GlobalData discuss the consequences of the EU referendum
Posted: 23 June 2016 | | No comments yet
The company says for the healthcare industry to thrive in the event of the UK leaving the EU, the country would need to adopt a uniquely British approach…
The outcome of today’s EU referendum will have major consequences for the country’s pharmaceutical and medical device sectors, according to research and consulting firm GlobalData.
The company says for the healthcare industry to thrive in the event of the UK leaving the EU, the country would need to adopt a uniquely British approach.
The company’s latest whitepaper states that for the pharmaceutical and medical device industries, a vote to leave – also known as Brexit – would have significant consequences in five key areas, namely regulatory impacts, research and development, access to talent, intellectual property rights, and market access.
For manufacturers, the most immediate impact would be on the area of drug and device regulation, as a Brexit vote would be followed by a series of negotiations lasting two years.
“Given the time scales that life sciences operate, to suddenly enter a two-year negotiation process doesn’t sound like a long time, and that uncertainty makes the monetizing of investments appear more risky,” says David Shaw, GlobalData’s Chief Operating Officer.
Life science accounts for revenue of over $80 billion
Life science, including pharmaceuticals and medical devices, is a critical element of the UK economy, accounting for over 180,000 jobs and revenue of over $80 billion, according to UK Trade and Investment.
There are numerous potential ramifications of a Brexit vote for the healthcare sector, the company says. For example, the European Medicines Agency (EMA), which is headquartered in the UK, is likely to be swiftly relocated to the EU. There also may be immediate disruption of the regulation of existing medicines, let alone drugs in development.

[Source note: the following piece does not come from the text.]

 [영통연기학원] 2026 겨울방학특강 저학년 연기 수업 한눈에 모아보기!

“If the UK exits the EU, pharma companies could even exclude the UK when assessing commercial potential of drugs due to the much higher access hurdle. Instead, they might choose to focus more on the remaining EU, and treat the UK as an isolated country,” says Sean Hu, Ph.D., MBA, GlobalData’s Senior Vice President & Head of Consulting.

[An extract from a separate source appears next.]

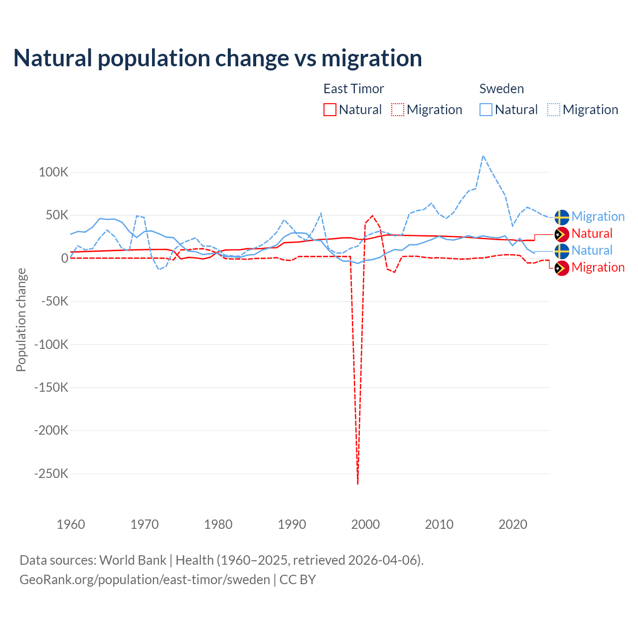 Over the last 10 years, 98.3% of the population change in East Timor is from natural causes (a gain of 217,698 people) and 1.66% is from migration (a gain of 3,665 people). In Sweden 21.4% is from natural causes (a gain of 201,900 people) and 78.6% is from migration (a gain of 743,642 people).

Despite the possible drawbacks of a Brexit vote, GlobalData believes the pharmaceutical industry could still thrive. However, the UK would need to follow a different path from the likes of Switzerland, Canada and Israel, and establish a uniquely British solution.

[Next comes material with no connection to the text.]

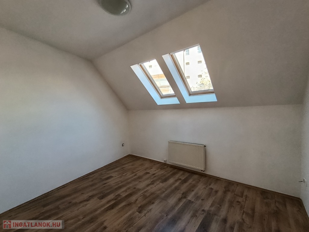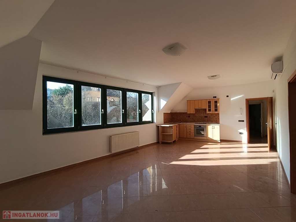 A tetőtér a 2000-es évek elején teljes körű felújításon esett át – beleértve a teljes tetőcserét is. A 105 m²-es lakás elrendezése praktikus és otthonos: három különálló szoba, egy amerikai konyhás- étkezős nappali, tágas fürdőszoba káddal és WC-vel, valamint külön vendég WC. A burkolatok járólap illetve a szobákban szalagparketta.

However, a close vote to remain may also produce domestic changes and lead to regional variations in corporation tax. As the major life sciences industry clusters in the UK are in the south east of England, south Wales and the central belt of Scotland, allowing regions of the UK to vary corporation tax could firm up and expand these regions of excellence.
GlobalData concludes that while it is difficult to envisage a positive outcome for the UK pharmaceutical industry in the event of Brexit, a close vote to remain may in fact provide a driver for great positive change in the industry.